> [TASK DETAILS]
Only the lines from the start of the data through the line containing "Xilografie colorata a" should be written out, exactly as they are, with both ends included and the pictures left out.

> [COLLECTED MATERIAL]

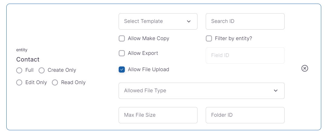 - Allowed File Type - select from the list, the file types to be allowed in the upload process
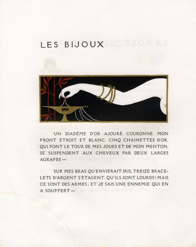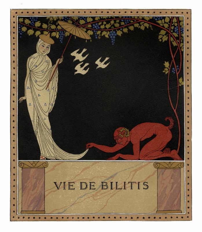 Xilografie colorata a pochoir (alcune stampate su bifoli). Misure varie. Fogli: mm 325x265 cad. Tratti da Pierre Loüys, Les chansons de Bilitis traduit du grec. Illustrations de G. Barbier gravées sur bois par L. F. Schmied. Paris : Collection Pierre Corrard, 1922.
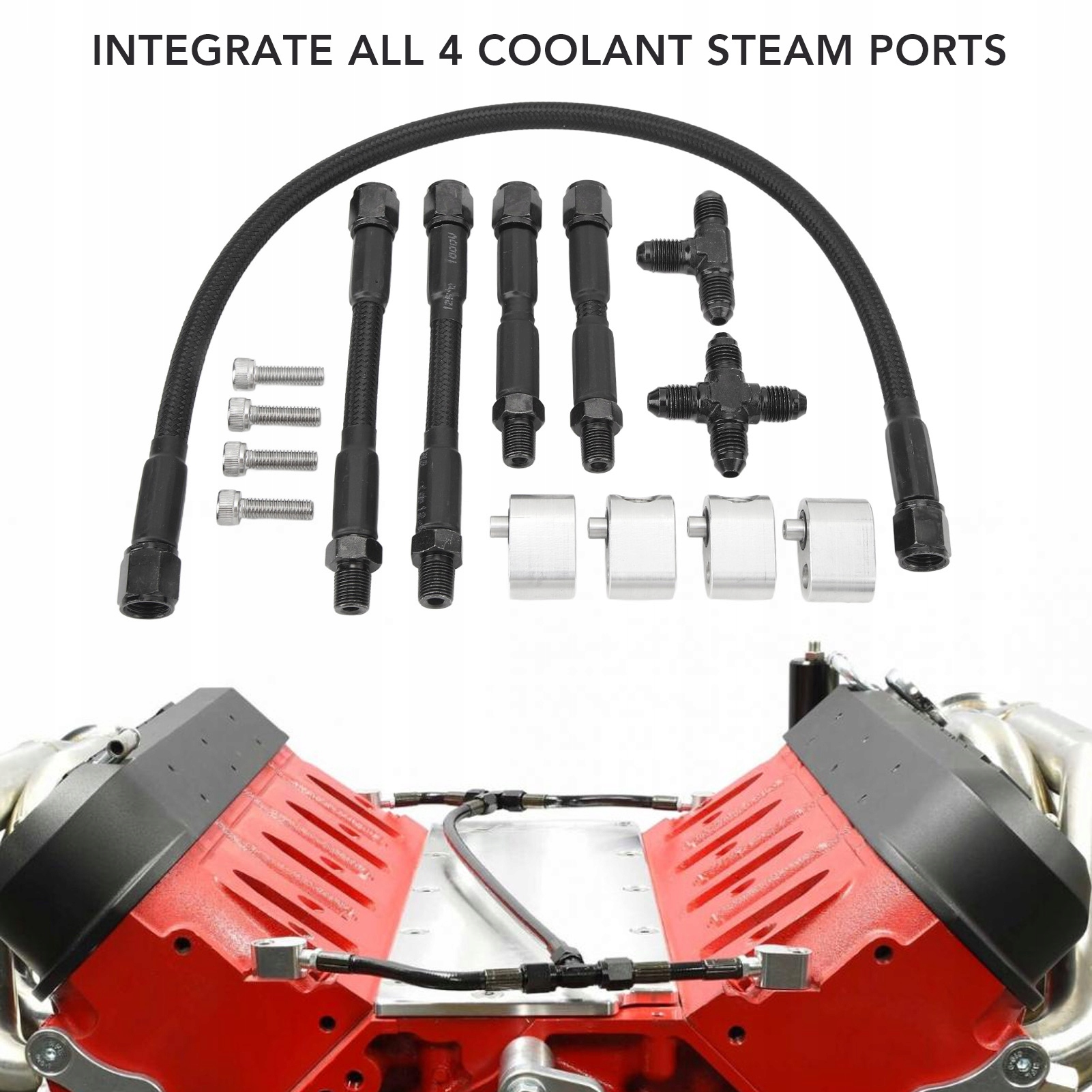 1. Встановлення: комплект розподільника охолоджуючої рідини підходить для двигунів серії LS і сумісний з більшістю повітрозабірників. Низькопрофільні повітрозабірники, можливо, потребують модифікації, щоб відповідати їм.

> [RESULT OF THE EXERCISE]
 - Allowed File Type - select from the list, the file types to be allowed in the upload process
 Xilografie colorata a pochoir (alcune stampate su bifoli). Misure varie. Fogli: mm 325x265 cad. Tratti da Pierre Loüys, Les chansons de Bilitis traduit du grec. Illustrations de G. Barbier gravées sur bois par L. F. Schmied. Paris : Collection Pierre Corrard, 1922.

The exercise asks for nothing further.